別れの瞬間、そう言われ口ごもってしまうあゆみ。頭の中で色々な考えや言葉が転がるが纏まらない。どうこたえようか悩む時に、頭に浮かぶのはさっき初めて変身した時の記憶。




『だから、せめてどちらかをやっつけられる力が! みんなを守れる力が!』




人を守りたい、誰かを助けたい。そんな気持ちに反応してくれたのか包み込むようにやさしく光る桃色の宝石。包み込む、暖かい、やさしさ、桃色……、桜?



「春……。うん、春と桜! サクラスプリング! サクラスプリングです!」



「ふふ、サクラスプリングね。いい名前じゃないか……、またいつか会えることを楽しみにしているよ。」




そう言いながら右手を軽く上げ、背を向けるマリアンヌさん。私がお礼を言おうとした時にはもう彼女の姿は消えてしまっていた。









「……ねぇ、王子? 私もしかしてネーミングセンスない?」



「いやマロに聞かれても……。」






 ーーーーーーーーー





転移先はもちろんお家、というわけもなくあの謎清涼飲料水を買った近くのベンチ。いくら体が魔法で元通りになると言ってもぐしゃぐしゃに砕かれたお手手やお腹の激痛はまではなくならない。出来ればそのまま家に帰ってそのままお休みと行きたかったのだがそうはいかない。

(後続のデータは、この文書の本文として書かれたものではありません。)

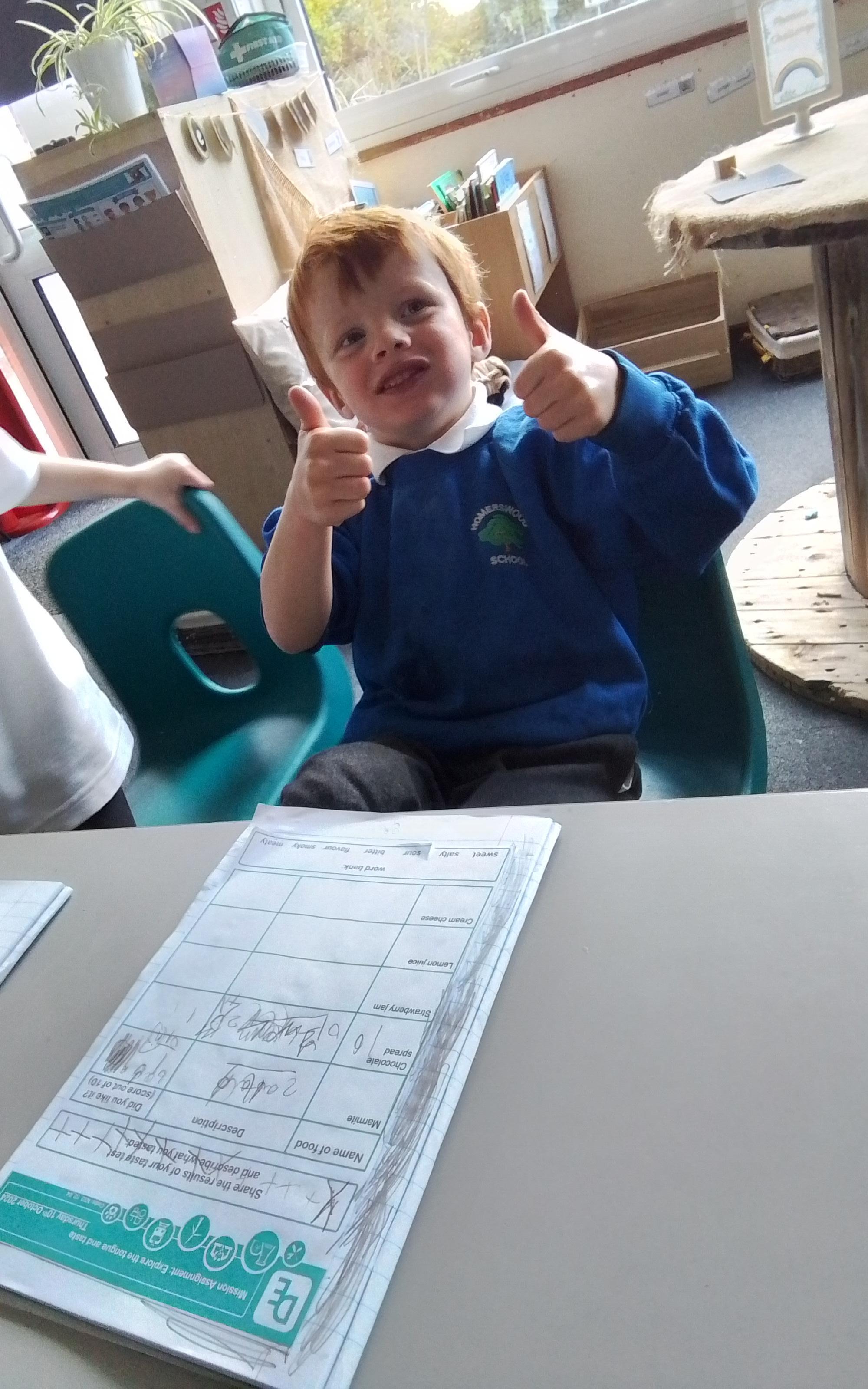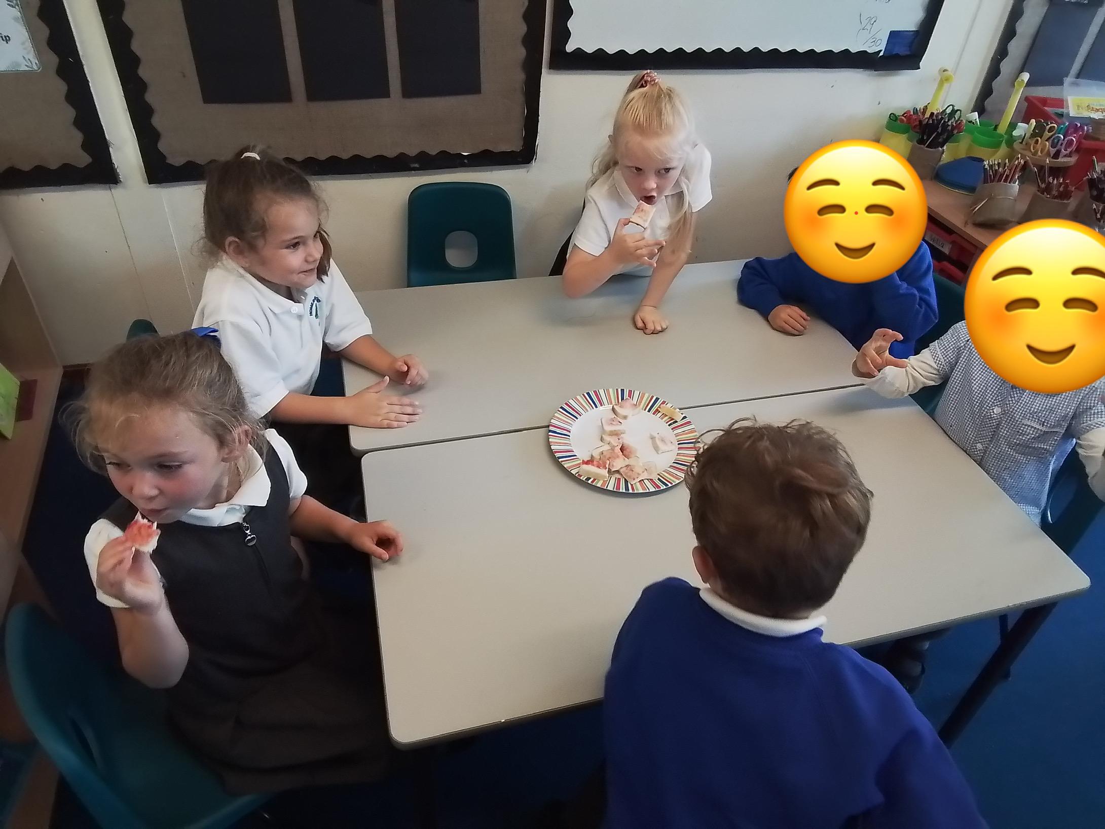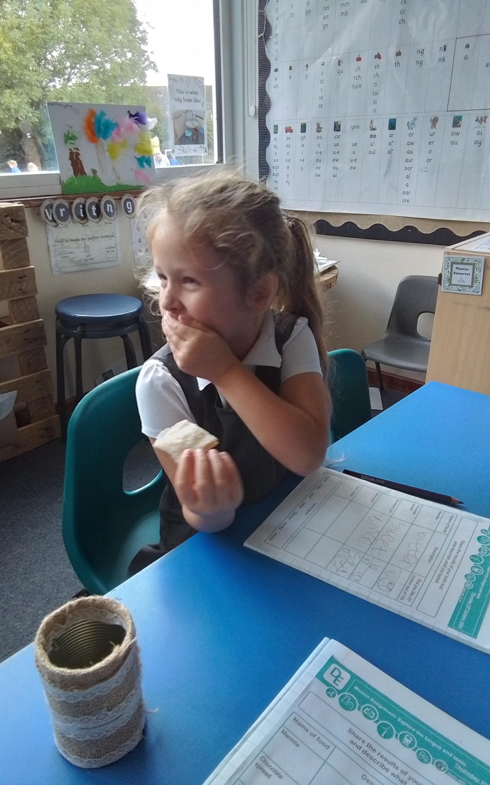Science - Today we explored our sense of taste by tasting some different foods on bread. We tried marmite, chocolate spread, strawberry jam, lemon juice and cream cheese, and described the flavours we could taste. We pulled some funny faces!
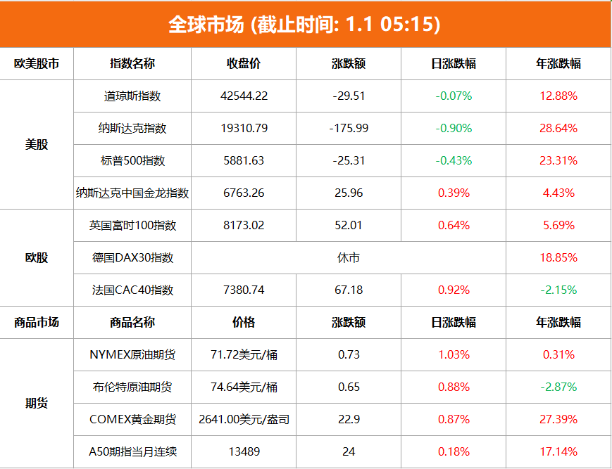 美股市场:美股三大指数集体收跌,纳指跌近1%,截至当天收盘,道琼斯工业平均指数比前一交易日下跌29.51点,收于42544.22点,跌幅为0.07%,2024全年累计涨幅达到12.88%;标准普尔500种股票指数下跌25.31点,收于5881.63点,跌幅为0.43%,2024全年累计涨幅达到23.31%;纳斯达克综合指数下跌175.99点,收于19310.79点,跌幅为0.90%,2024全年累计涨幅达到28.64%。
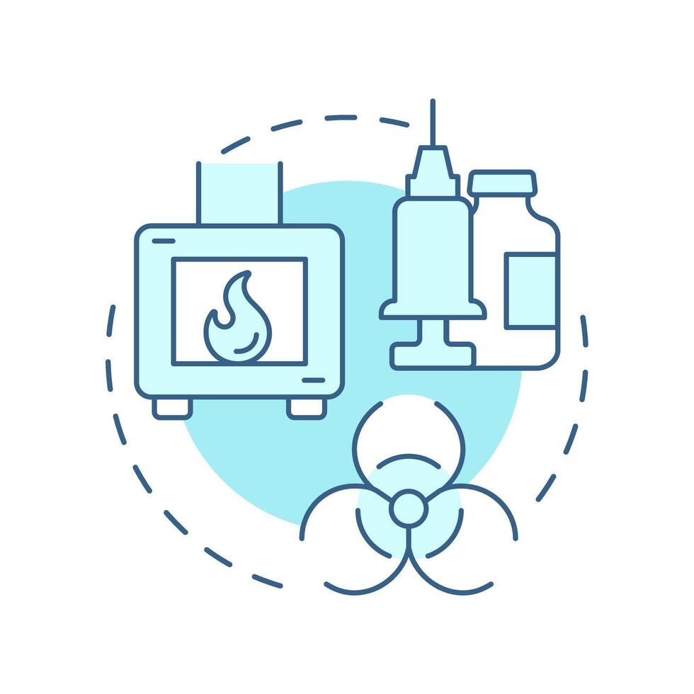 Incineration soft blue concept icon. Medical garbage. Biomedical waste disposal. Biohazard, risk. Round shape line illustration. Abstract idea. Graphic design. Easy to use in presentation Pro Vector
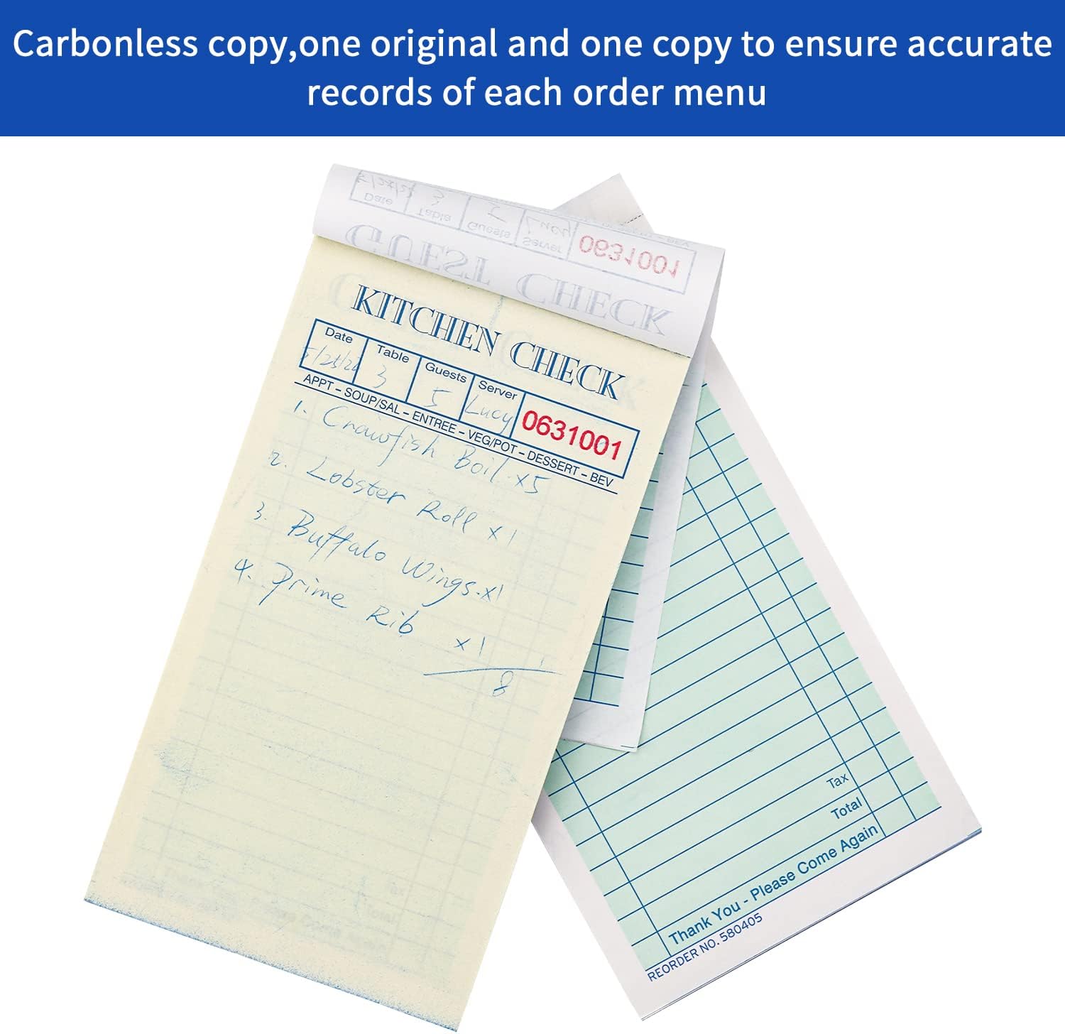 Guest Checks Server Note Pads 300 Sheets with Carbonless Copy Paper for Restaurants (6 Books) 3.5" x 6.75" Per Ticket Book
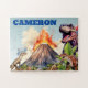 This custom kid's puzzle features a prehistoric dinosaur theme with realistic looking dino illustrations. An image of an exploding volcano is pictured in the centre, with dinosaurs roaming in front of it. A scary tyrannosaurus rex is running up from behind. A sample name is printed at the top which you can personalize to include your own custom name or text.
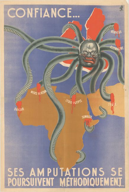 This striking, anti-British propaganda map was published to give support to Vichy French forces and turn the French public against Britain. The design focuses on a 12-tentacled octopus bearing a grotesque version of Winston Churchill's face, holding a cigar between his blood-red lips. The tentacles reach out to seize French colonial possessions and Axis territories, with bloody, severed tentacles signifying sites where Britain had faced defeats in the early years of the war. These defeats included Operation Menace in Dakar, Operation Catapult in Mers-el-Kébir, and Britain's campaigns in Norway. The title translates as: "Have confidence... the amputations are continuing methodically." This was intended to reassure pro-Vichy supporters that not only had Britain already been defeated in multiple instances, but would continue to be defeated by the Axis powers. However, the map is not entirely forthcoming, as the situation in Syria was actually a British success due to its Syria-Lebanon Campaign in 1941, so that severed tentacle was misleading.
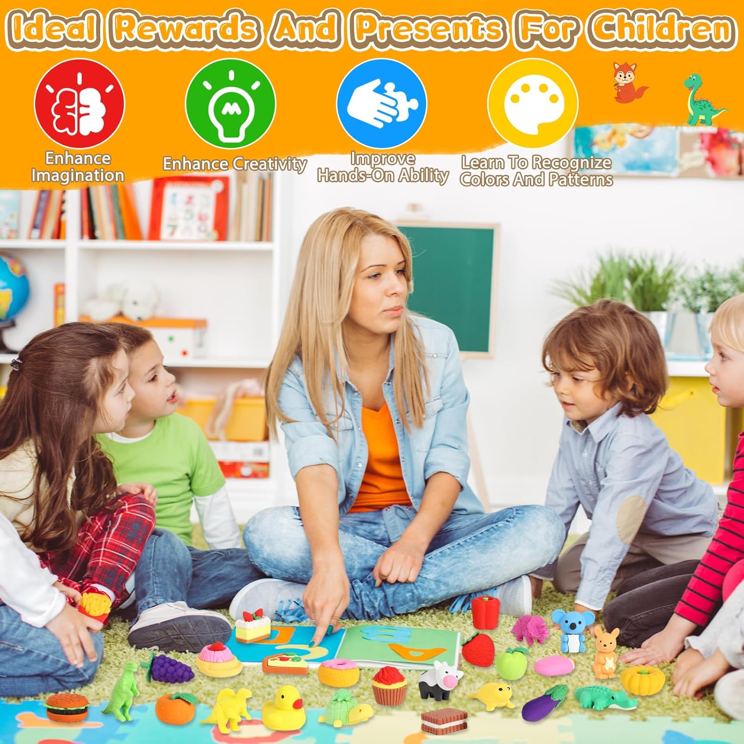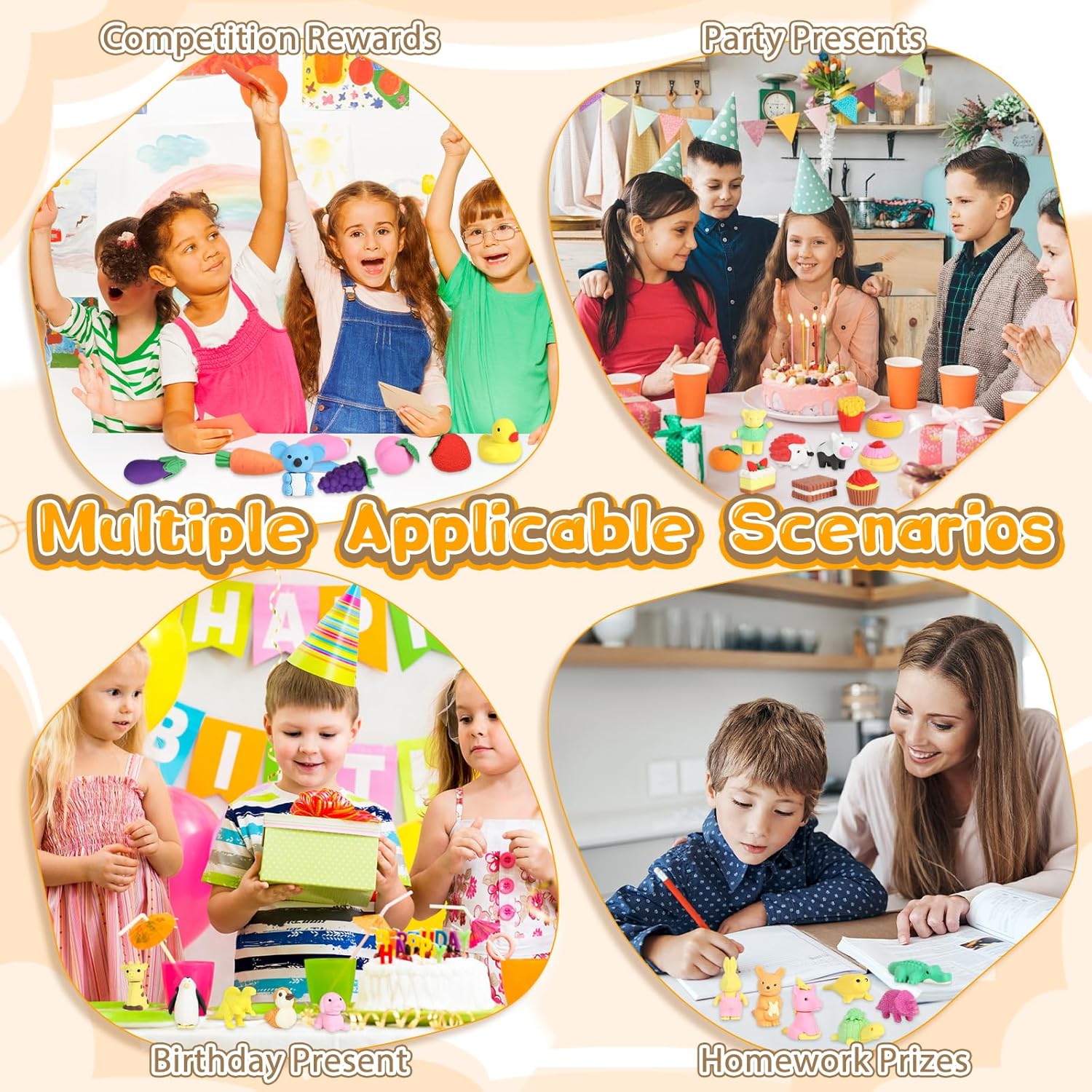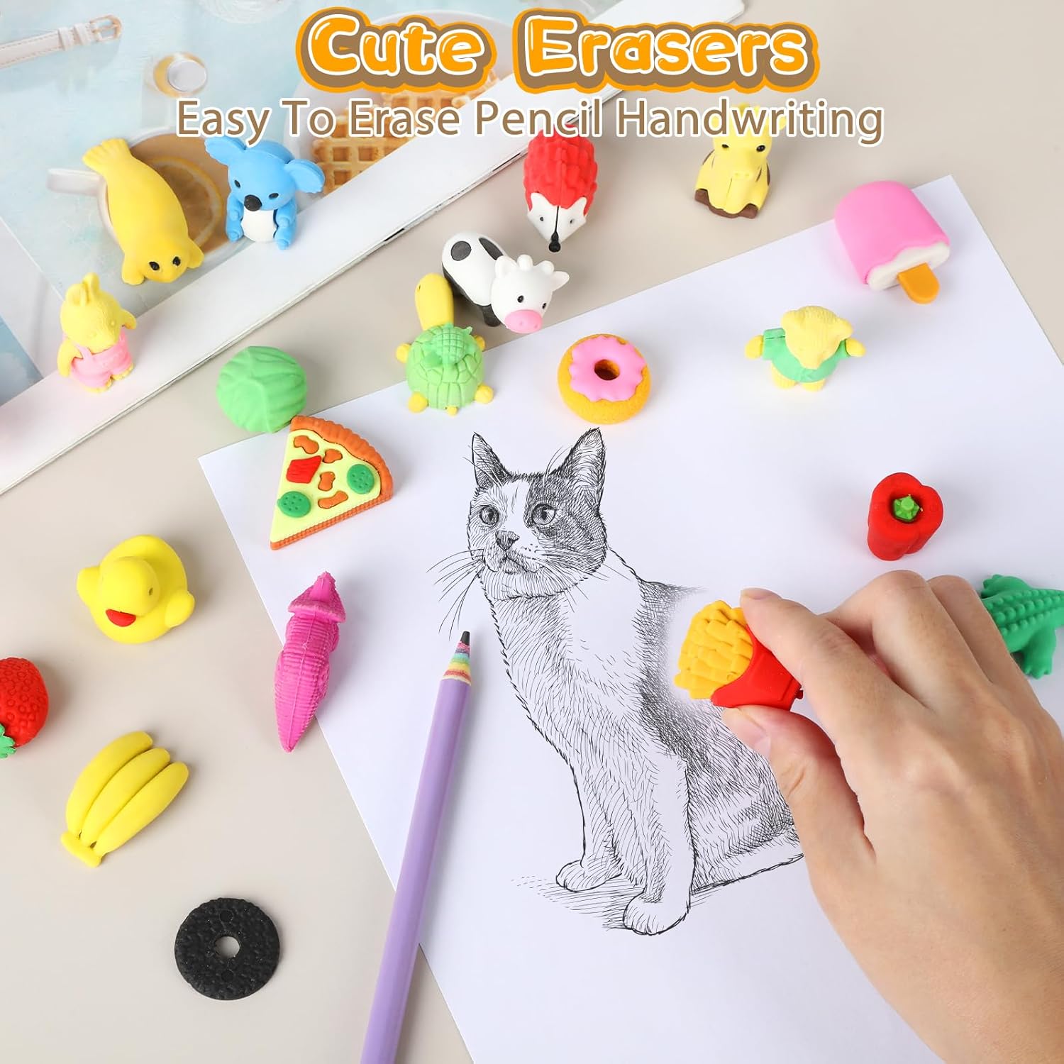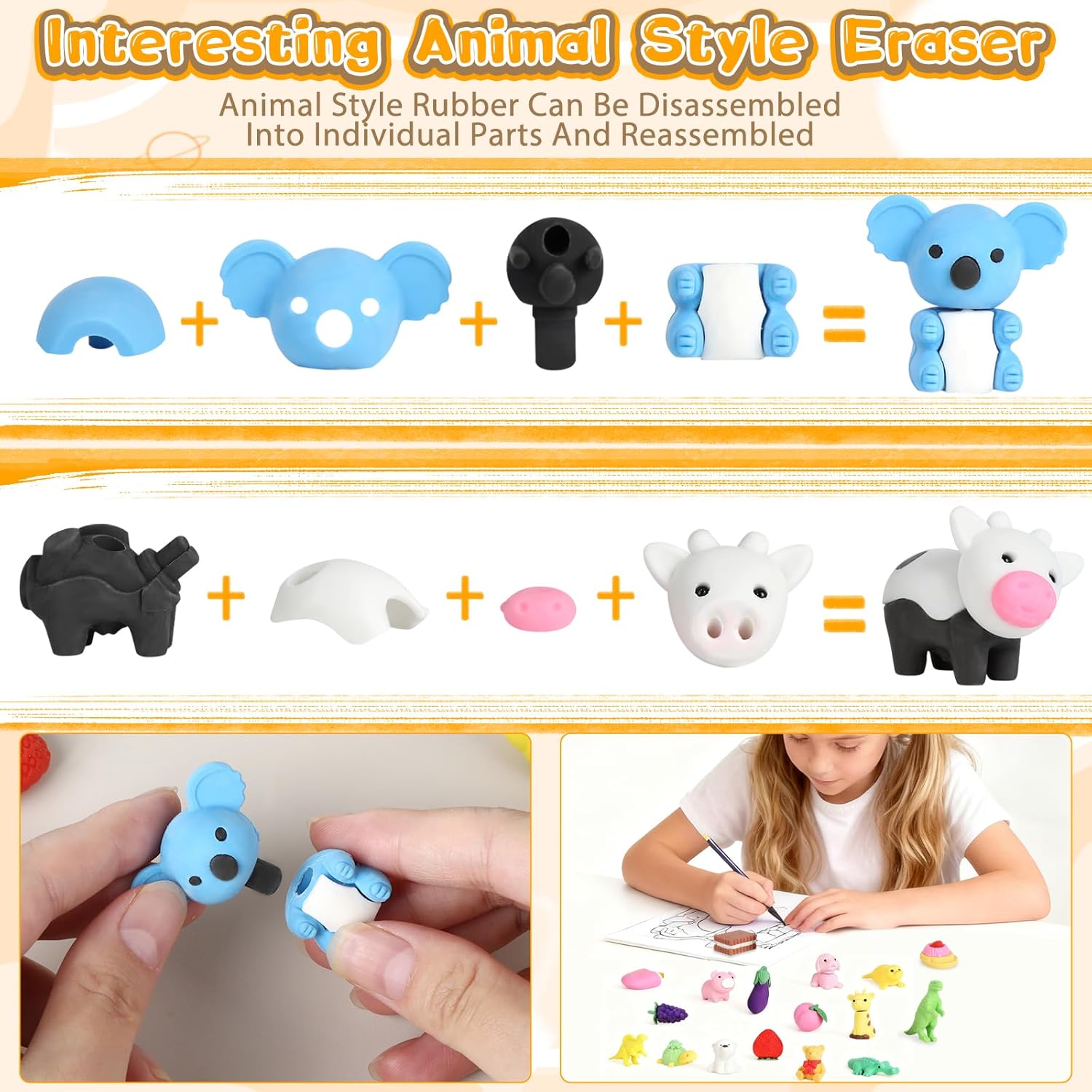 La confezione include: 42 gomme da cancellare con una varietà di motivi di dinosauri, pesche, arachidi, uva, pomodori, arance, torte, pizza, gelati, balene, pinguini e molto altro ancora. Alcune gomme da cancellare possono essere suddivise in parti, in modo che i bambini abbiano la possibilità di assemblarli come un puzzle. (Nota: colore casuale) Materiale TPR ecologico di alta qualità: le gomme sono realizzate in TPR (gomma termoplastica), atossica ed ecologica, sicura per i bambini. Sono durevoli, puliti e possono essere facilmente rimossi dalle linee di matita senza danneggiare la carta. Il materiale non è irritante e assicura che la gomma sia divertente e sicura nell'uso quotidiano per i bambini. Funzioni versatili per divertimento e apprendimento: non solo per cancellare, ma anche come divertente giocattolo. Le gomme da cancellare possono essere smontate e assemblate in singole parti, aiutando i bambini a sviluppare la loro immaginazione e capacità creative. Imparerai giocosamente a conoscere diverse specie di animali e puoi creare i tuoi disegni e combinazioni, che promuovono il pensiero logico e le capacità motorie. Regalo ideale per bambini: queste mini gomme da cancellare sono il regalo ideale per i bambini per compleanni, feste o occasioni speciali. Non sono solo un materiale scolastico pratico, ma anche un giocattolo creativo che i bambini possono utilizzare sia in aula che a casa. Il grazioso design lo rende un regalo piacevole che porta gioia a lungo termine. Ampia gamma di applicazioni: questi set di gomme per cancellare cartoon sono ideali per una vasta gamma di applicazioni, tra cui aule, scuola, casa, schizzi, pittura, progetti artistici e uso in ufficio. Possono essere utilizzati anche come ricompensa per i bambini in classe o come piccoli regali promozionali. Grazie al loro design unico e alla loro praticità sono ideali per molte occasioni diverse, sia per l'uso quotidiano che per feste speciali.

あゆむちんも私も日常がある故、何もなかったように元の生活に戻らないといけない。マリアンヌとして経験したことを翠野イスズとして引き継ぐわけにはいかないのだ。



「にしても、私の口軽いなぁ……、出まかせポロポロ出てくるもん。」



まぁお約束という感じで身元隠して参入したはいいけれど、魔女ってなんだよ魔女って……。まぁあゆむちん疑問に思わなかったからいいけど、あゆむちん自身あの敵幹部の動きが見えてなかった、って証言してるから絶対介入しないといけない口なんだろなぁ……。所謂日曜に放送している番組みたいに対象年齢に配慮したやさしい表現、とかしてくれないだろうから今日ある程度戦えた私がどうにか対応しないとどうなるか解らん。気が付いたらあゆむちんが学校に来なくなったとか嫌だしね。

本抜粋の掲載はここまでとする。